ASSIGNMENT: Each line below must be set down exactly; omit any image you find.

DATA EXTRACT:

------------

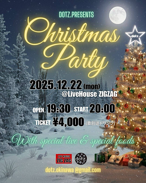 ★沖縄こどもの国 クリスマスファンタジー・クリスマスファンタジーステージプログラム・開演:15時^終演:21時20分・出演=大道芸 BoxTheater HANE、Vertex(具志川高校ダンス部)、CACHAS Entertainment School、恐竜ショー、体験型ジャンボリミキー(CACHAS)、那覇太鼓、Dream sister’s、金城しおり・会場=沖縄こどもの国
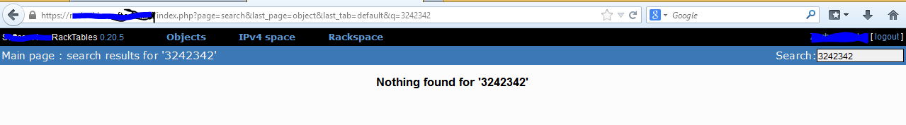 This is the query used: SELECT id FROM RackObject WHERE asset_no LIKE '%3242342%' ORDER BY asset_no; If that doesn't return the row, there is something wrong with your MySQL server. |
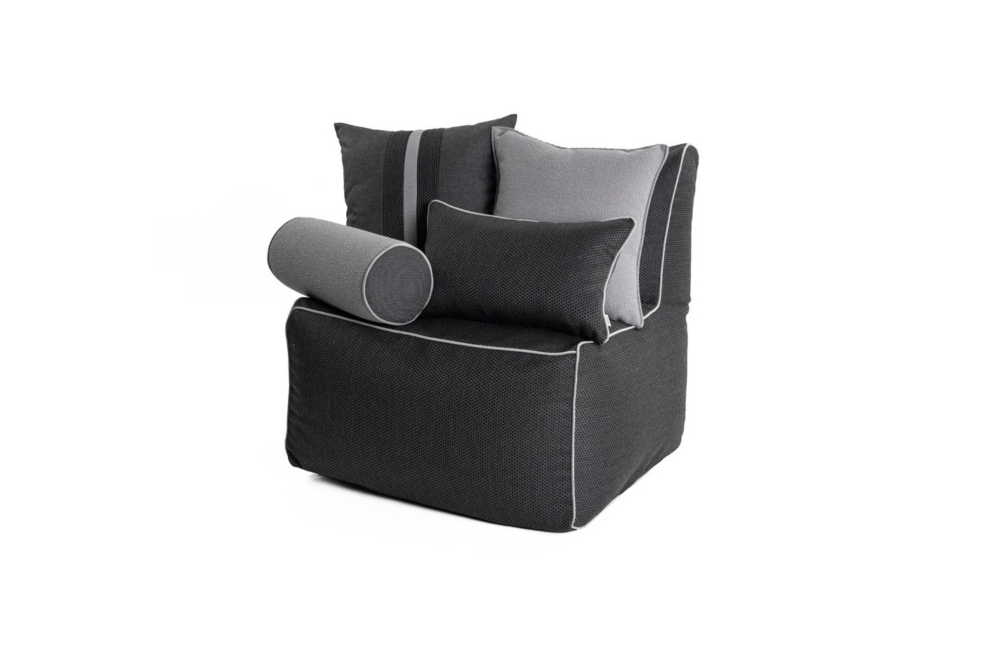 - Fotel pufa z tkaniny akrylowej z ozdobną kedrą

------------

WRITTEN SOLUTION:
 ★沖縄こどもの国 クリスマスファンタジー・クリスマスファンタジーステージプログラム・開演:15時^終演:21時20分・出演=大道芸 BoxTheater HANE、Vertex(具志川高校ダンス部)、CACHAS Entertainment School、恐竜ショー、体験型ジャンボリミキー(CACHAS)、那覇太鼓、Dream sister’s、金城しおり・会場=沖縄こどもの国
 This is the query used: SELECT id FROM RackObject WHERE asset_no LIKE '%3242342%' ORDER BY asset_no; If that doesn't return the row, there is something wrong with your MySQL server. |
 - Fotel pufa z tkaniny akrylowej z ozdobną kedrą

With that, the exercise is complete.